Connected to localhost.
Escape character is '^]'.
Check your firewall:
sudo cat /etc/sysconfig/iptables
It should tell you what ports are made open:
-A INPUT -p tcp -m tcp --dport 5672 -j ACCEPT
Reapply your firewall:
sudo service iptables restart
iptables: Setting chains to policy ACCEPT: filter [ OK ]
iptables: Flushing firewall rules: [ OK ]
iptables: Unloading modules: [ OK ]
iptables: Applying firewall rules: [ OK ]

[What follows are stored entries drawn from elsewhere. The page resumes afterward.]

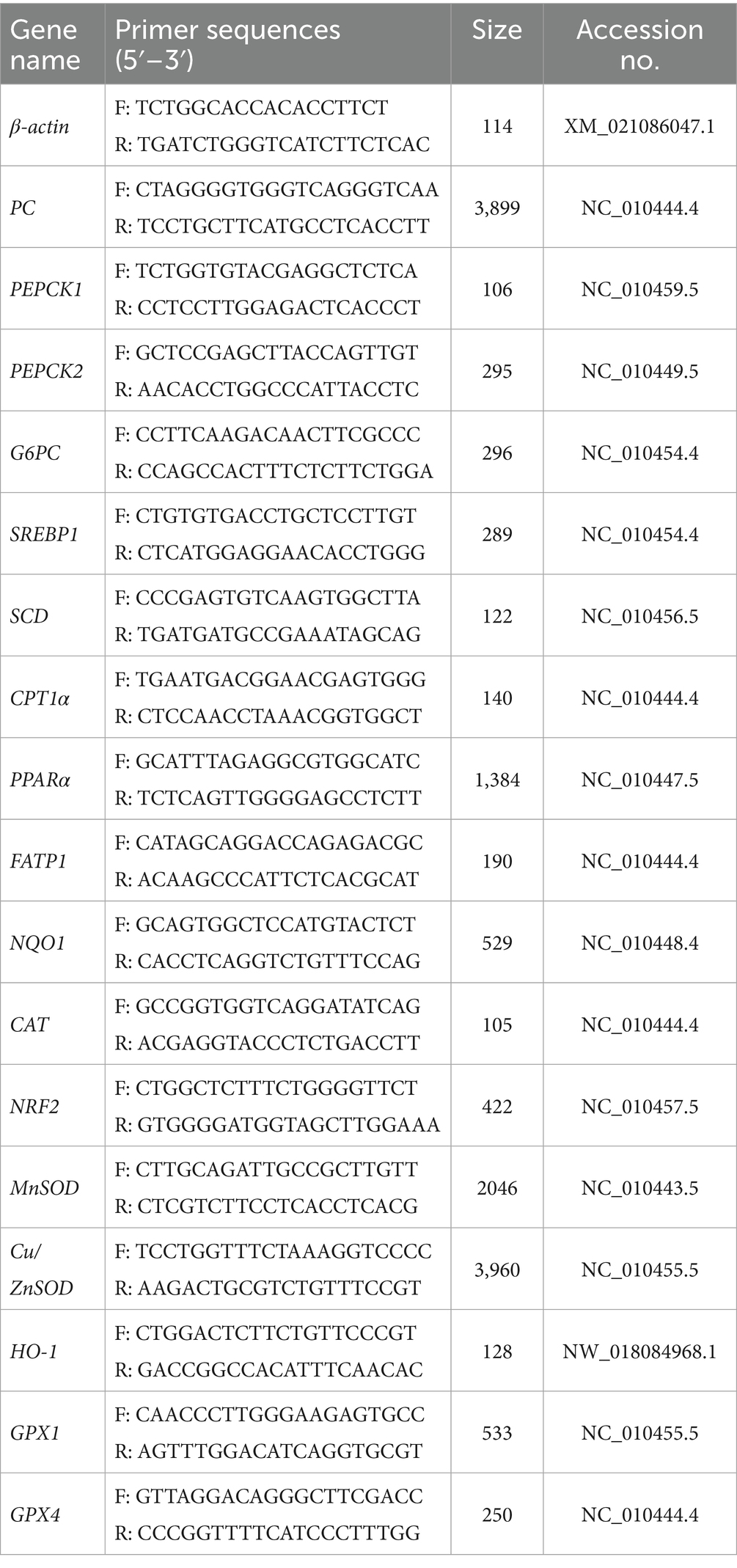 According to our previous study (3), total RNA was isolated from the liver tissue, and the concentration and purity of RNA were determined by NanoDrop Oneᶜ (Thermo Fisher Scientific, Waltham, MA, USA). According to the instructions of the Primer-script TM RT Reagent Kit with gDNA Eraser (TaKaRa, Dalian, China; Code No. RR047A), gDNA was removed and reverse-transcribed and the reverse-transcribed cDNA was stored in a refrigerator at −20 °C for later use. According to the manufacturer’s protocol, the RT-qPCR was performed on a Roche LightCyclerfi 480 instrument II (Roche, Basel, Switzerland) with 10 μL total volume reaction, consisting of 5 μL 2X SYBRR Green Pro Taq HS Premix II, 2 μL cDNA template, 0.4 μL each of the forward and reverse primers, and 2.2 μL RNase free water. Relative gene expression levels were analyzed using the 2(-ΔΔCt) method and normalization with β-actin as a housekeeping gene. The primers required were shown in Table 2.
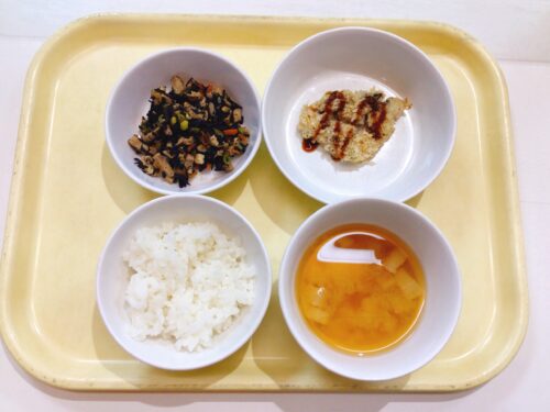ごはん 白身魚フライ ひじきの炒り煮 味噌汁(さつま芋長葱麩)
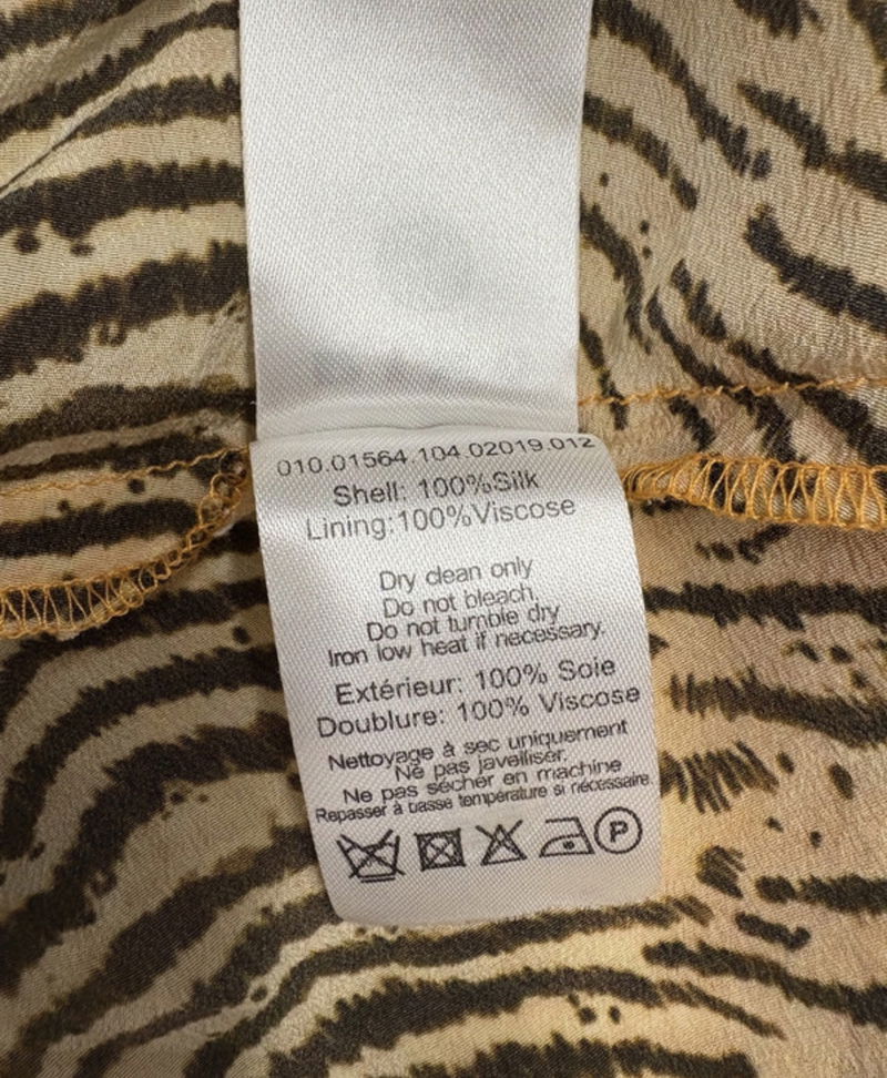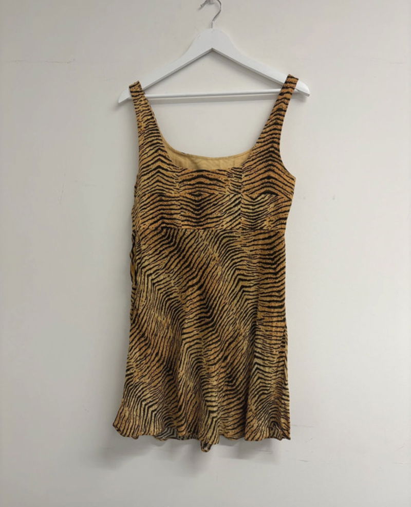 Dress, Tiger-print, Silk crepe de chine, Concealed hook and zip fastening at side, Non-stretchy fabric, Lightweight fabric.
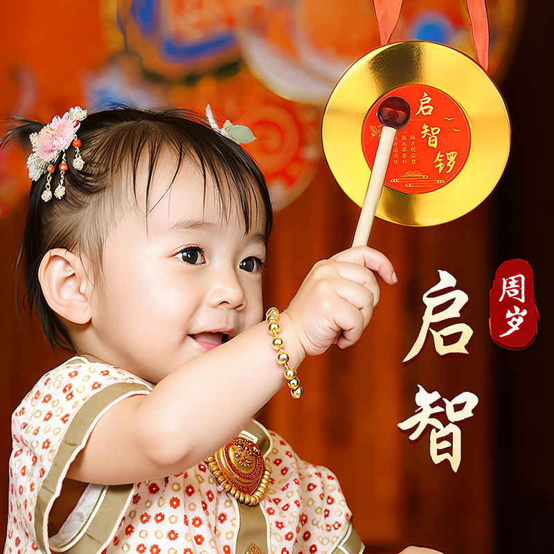 抓周道具用品套装 抓阄礼全套 宝宝一周岁生日礼物布置男孩女孩中式
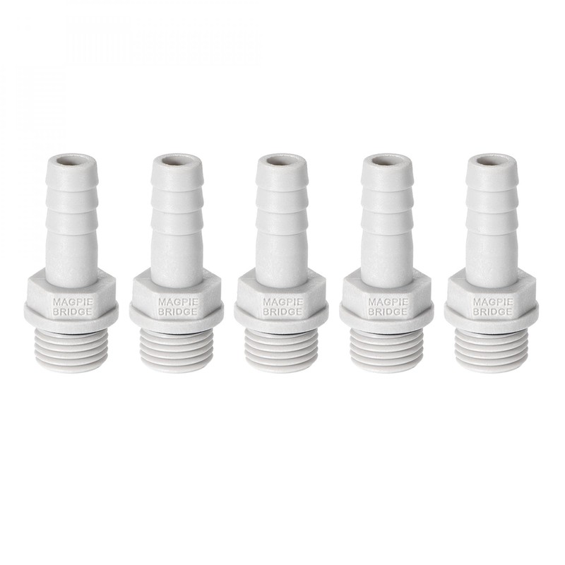 sourcing map PVC Barb Hose Fitting Connector Adapter 8mm or 5/16" Barbed x 1/4" G Male Pipe 5pcs
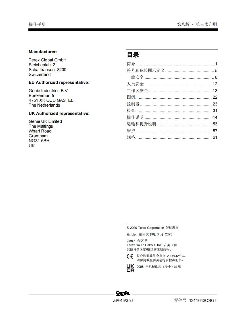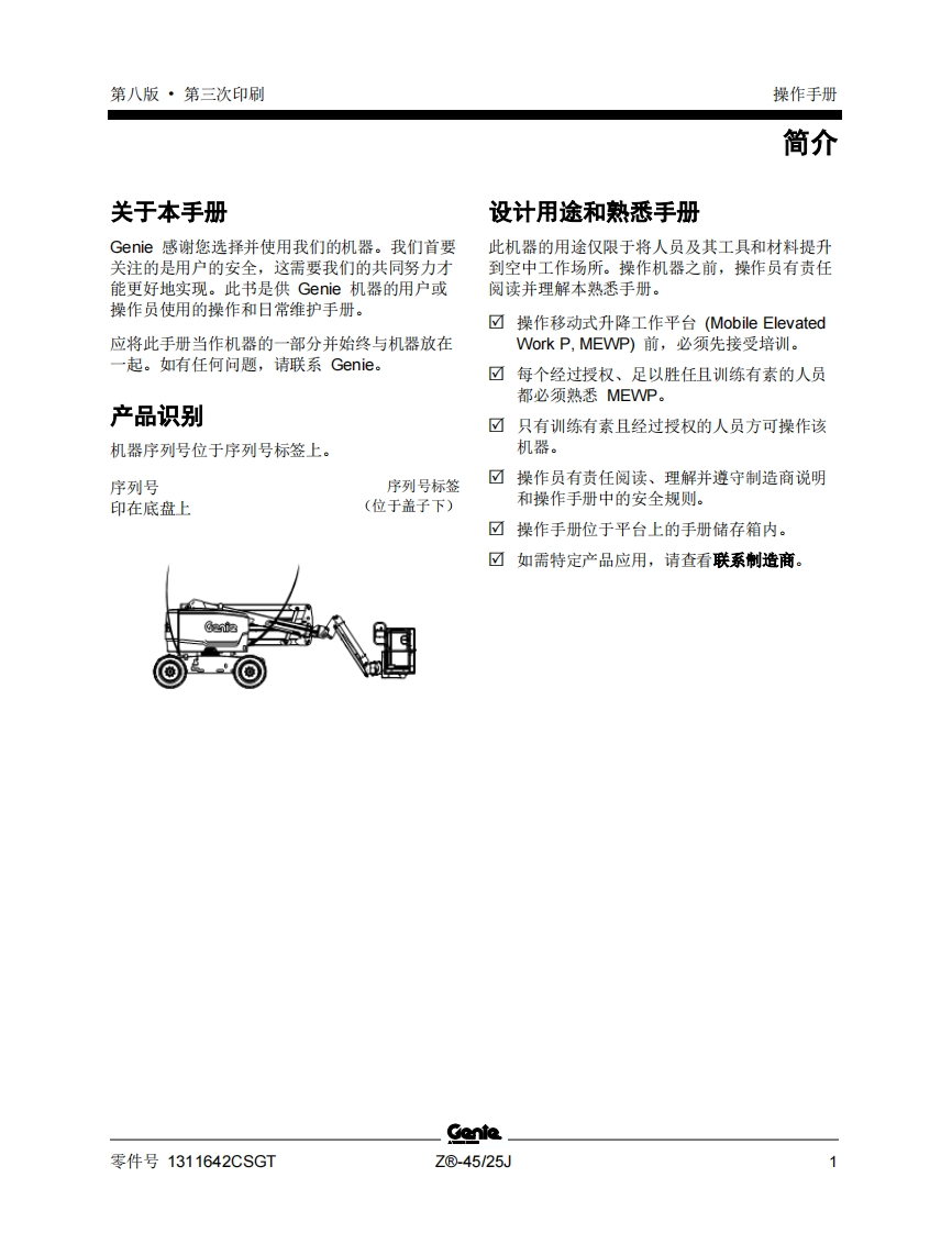 GENIE吉尼-序列号范围–.45_25J-Z4525D-3958-之后-C-Power曲臂吊高空作业平台操作说明书手册找手册网21小时前发布关注私信3.38MB69页042GENIE吉尼-序列号范围–.45_25J-Z4525D-3958-之后-C-Power曲臂吊高空作业平台操作说明书手册此内容为付费资源,请付费后查看¥19¥21黄金会员免费钻石会员免费立即购买您当前未登录!建议登陆后购买,可保存购买订单付费资源 第1页 / 共69页 第2页 / 共69页 第3页 / 共69页 第4页 / 共69页 第5页 / 共69页 第6页 / 共69页 第7页 / 共69页 第8页 / 共69页 第9页 / 共69页 第10页 / 共69页 试读已结束,还剩59页,您可下载完整版后进行离线阅读 THE ENDGENIE 文本预览 GenieA TEREX BRAND操作手册序列号范围Z®.45/25JZ4525D-3958之后IC Power带有维修信息原始说明的翻译Eighth EditionThird PrintingPart No.1311642CSGT 查看更多 收起部分 喜欢就支持一下吧收藏

To find out what ports rabbitmq uses:
$ epmd -names
Outputs:
epmd: up and running on port 4369 with data:
name rabbit at port 25672
Run these as root:
lsof -i :4369
lsof -i :25672
More about epmd options.
Port Access
Firewalls and other security tools may prevent RabbitMQ from binding to a port. When that happens, RabbitMQ will fail to start. Make sure the following ports can be opened:
4369: epmd, a peer discovery service used by RabbitMQ nodes and CLI tools
5672, 5671: used by AMQP 0-9-1 and 1.0 clients without and with TLS
25672: used by Erlang distribution for inter-node and CLI tools communication and is allocated from a dynamic range (limited to a single port by default, computed as AMQP port + 20000). See networking guide for details.
15672: HTTP API clients and rabbitmqadmin (only if the management plugin is enabled)
61613, 61614: STOMP clients without and with TLS (only if the STOMP plugin is enabled)
1883, 8883: (MQTT clients without and with TLS, if the MQTT plugin is enabled
15674: STOMP-over-WebSockets clients (only if the Web STOMP plugin is enabled)
15675: MQTT-over-WebSockets clients (only if the Web MQTT plugin is enabled)
Reference doc:
https://www.rabbitmq.com/install-windows-manual.html
Check \AppData\Roaming\RabbitMQ\log. If you have a log file there search for started TCP listener on [::].
It should tell you on which port rabbitMq is running. Look for the last entry.
Disclaimer: not the best way to find port, as there might be a chance the port has been changed in the mean time.